The Probability Interface
The easiest way to manipulate and query DynamicPPL models is via the DynamicPPL probability interface.
Let's use a simple model of normally-distributed data as an example.
using DynamicPPL
using Distributions
using FillArrays
using LinearAlgebra
using Random
@model function gdemo(n)
μ ~ Normal(0, 1)
x ~ MvNormal(Fill(μ, n), I)
return nothing
end
We generate some data using μ = 0
:
Random.seed!(1776)
dataset = randn(100)
Conditioning and Deconditioning
Bayesian models can be transformed with two main operations, conditioning and deconditioning (also known as marginalization). Conditioning takes a variable and fixes its value as known. We do this by passing a model and a collection of conditioned variables to |
or its alias condition
:
model = gdemo(length(dataset)) | (x=dataset, μ=0)
This operation can be reversed by applying decondition
:
decondition(model)
We can also decondition only some of the variables:
decondition(model, :μ)
Sometimes it is helpful to define convenience functions for conditioning on some variable(s). For instance, in this example we might want to define a version of gdemo
that conditions on some observations of x
:
gdemo(x::AbstractVector{<:Real}) = gdemo(length(x)) | (; x)
For illustrative purposes, however, we do not use this function in the examples below.
Probabilities and Densities
We often want to calculate the (unnormalized) probability density for an event. This probability might be a prior, a likelihood, or a posterior (joint) density. DynamicPPL provides convenient functions for this. For example, we can calculate the joint probability of a set of samples (here drawn from the prior) with logjoint
:
model = gdemo(length(dataset)) | (x=dataset,)
Random.seed!(124)
sample = rand(model)
logjoint(model, sample)
-181.7247437162069
For models with many variables rand(model)
can be prohibitively slow since it returns a NamedTuple
of samples from the prior distribution of the unconditioned variables. We recommend working with samples of type DataStructures.OrderedDict
in this case:
using DataStructures
Random.seed!(124)
sample_dict = rand(OrderedDict, model)
logjoint(model, sample_dict)
-181.7247437162069
The prior probability and the likelihood of a set of samples can be calculated with the functions loglikelihood
and logjoint
, respectively:
logjoint(model, sample) ≈ loglikelihood(model, sample) + logprior(model, sample)
true
logjoint(model, sample_dict) ≈
loglikelihood(model, sample_dict) + logprior(model, sample_dict)
true
Example: Cross-validation
To give an example of the probability interface in use, we can use it to estimate the performance of our model using cross-validation. In cross-validation, we split the dataset into several equal parts. Then, we choose one of these sets to serve as the validation set. Here, we measure fit using the cross entropy (Bayes loss).[1] (For the sake of simplicity, in the following code, we enforce that nfolds
must divide the number of data points. For a more competent implementation, see MLUtils.jl.)

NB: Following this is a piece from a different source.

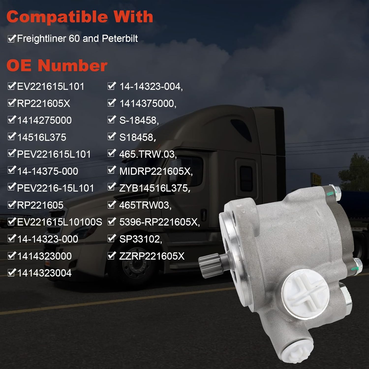 Bomba de Direção Hidráulica EV221615L101 Compatível com Freightliner 60, Peterbilt Haldex e Kenworth 14-14375-001

# Calculate the train/validation splits across `nfolds` partitions, assume `length(dataset)` divides `nfolds`
function kfolds(dataset::Array{<:Real}, nfolds::Int)
fold_size, remaining = divrem(length(dataset), nfolds)
if remaining != 0
error("The number of folds must divide the number of data points.")
end
first_idx = firstindex(dataset)
last_idx = lastindex(dataset)
splits = map(0:(nfolds - 1)) do i
start_idx = first_idx + i * fold_size
end_idx = start_idx + fold_size
train_set_indices = [first_idx:(start_idx - 1); end_idx:last_idx]
return (view(dataset, train_set_indices), view(dataset, start_idx:(end_idx - 1)))
end
return splits
end
function cross_val(
dataset::Vector{<:Real};
nfolds::Int=5,
nsamples::Int=1_000,
rng::Random.AbstractRNG=Random.default_rng(),
)
# Initialize `loss` in a way such that the loop below does not change its type
model = gdemo(1) | (x=[first(dataset)],)
loss = zero(logjoint(model, rand(rng, model)))
for (train, validation) in kfolds(dataset, nfolds)
# First, we train the model on the training set, i.e., we obtain samples from the posterior.
# For normally-distributed data, the posterior can be computed in closed form.
# For general models, however, typically samples will be generated using MCMC with Turing.
posterior = Normal(mean(train), 1)
samples = rand(rng, posterior, nsamples)
# Evaluation on the validation set.
validation_model = gdemo(length(validation)) | (x=validation,)
loss += sum(samples) do sample
logjoint(validation_model, (μ=sample,))
end
end
return loss
end
cross_val(dataset)
-212760.30282411768
- 1See ParetoSmooth.jl for a faster and more accurate implementation of cross-validation than the one provided here.